Semantically equivalent expressions with wildly different performance

I came across the following example when I needed something that beats the performance of LinearAlgebra’s build in mul!(M, x, y'). Any known reason for this huge difference in performance? Tested on 11.6.

using BenchmarkTools
function outer1!(output, x, y)
    for j in eachindex(y)
        @. (view(output, :, j)) = x *  y[j]
    end
    return output
end

function outer2!(output, x, y)
    for j in eachindex(y)
        v = view(output, :, j)
        @. (v) = x *  y[j]
    end
    return output
end

x = rand(1000); y = rand(1000); M = rand(1000,1000);
outer1!(M, x, y) ≈   outer2!(M, x, y) 
#true

@btime outer1!(M, x, y);
# ~10 ns
@btime outer2!(M, x, y);
# ~200 μs
1 Like

If I understand this correctly (and I might be wrong about this as about so much else):

outer1! (fast): When @. sees the inline view(output, :, j), it can perform much more aggressive optimization, possibly:

  • Eliminating the view allocation entirely
  • Directly generating optimized assembly for the memory access pattern
  • Better vectorization since the compiler sees the full expression structure

outer2! (slow): Pre-computing the view actually prevents these optimizations:

  • The view object must be created and stored
  • The @. macro works on a pre-existing view, limiting optimization opportunities
  • The compiler can’t see through the abstraction as effectively

Nah, I found the issue. The first implementation doesn’t do what I hope it does. The bogus true comparison is because I used the same output buffer… instead

x = rand(1000); y = rand(1000); M1 = zeros(1000,1000); M2 = copy(M1);
outer1!(M1, x, y) ≈   outer2!(M2, x, y) # false

Whoopsy!

4 Likes

Yeah it basically ran faster because it didn’t do anything:

julia> outer1!(copy(M), x, y) ≈ M
true

julia> M ≈ outer2!(copy(M), x, y)
false

Looks like @. failure causing a method expression. This example of overlapping syntax causing a silent error probably counts as a WAT, so I suggest adding a wat tag for future discoverability.

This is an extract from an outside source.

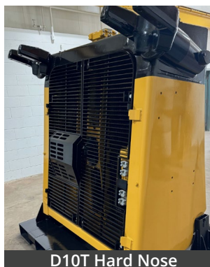
D10T Hard Nose

julia> @macroexpand @. (view(output, :, j)) = x *  y[j]
:(view(output, :, j) = begin
          #= REPL[51]:1 =#
          (*).(x, y[j])
      end)

julia> let
       view(output, :, j) = begin
               #= REPL[51]:1 =#
               (*).(x, y[j])
           end
       end
(::var"#view#3") (generic function with 1 method)

julia> @macroexpand @. (v) = x *  y[j]
:(v .= (*).(x, y[j]))

julia> @macroexpand (view(output, :, j)) .= x .*  y[j] # manual fix
:(view(output, :, j) .= x .* y[j])

A fix after which:

julia> outer1!(copy(M), x, y) ≈ outer2!(copy(M), x, y)
true

julia> @btime outer1!($(copy(M)), $x, $y);
  248.700 μs (0 allocations: 0 bytes)

julia> @btime outer2!($(copy(M)), $x, $y);
  249.000 μs (0 allocations: 0 bytes)

Benchmarks that mutate their inputs are generally bad but this might be fine for runtime because there are no conditionals.

2 Likes

It’s not clear to me what the dotted view

view.(output, :, j)

ought to mean. Does it create a view for each element in output? But in that case, why doesn’t it fail with a bounds error for j > 1?

There isn’t a dotted view, @. ignores left hand expressions to support method definitions.

Huh? Since when does @. ignore left hand side? Sorry for the sidetrack, but I’ve never heard anything like that. I thought it dotted every call.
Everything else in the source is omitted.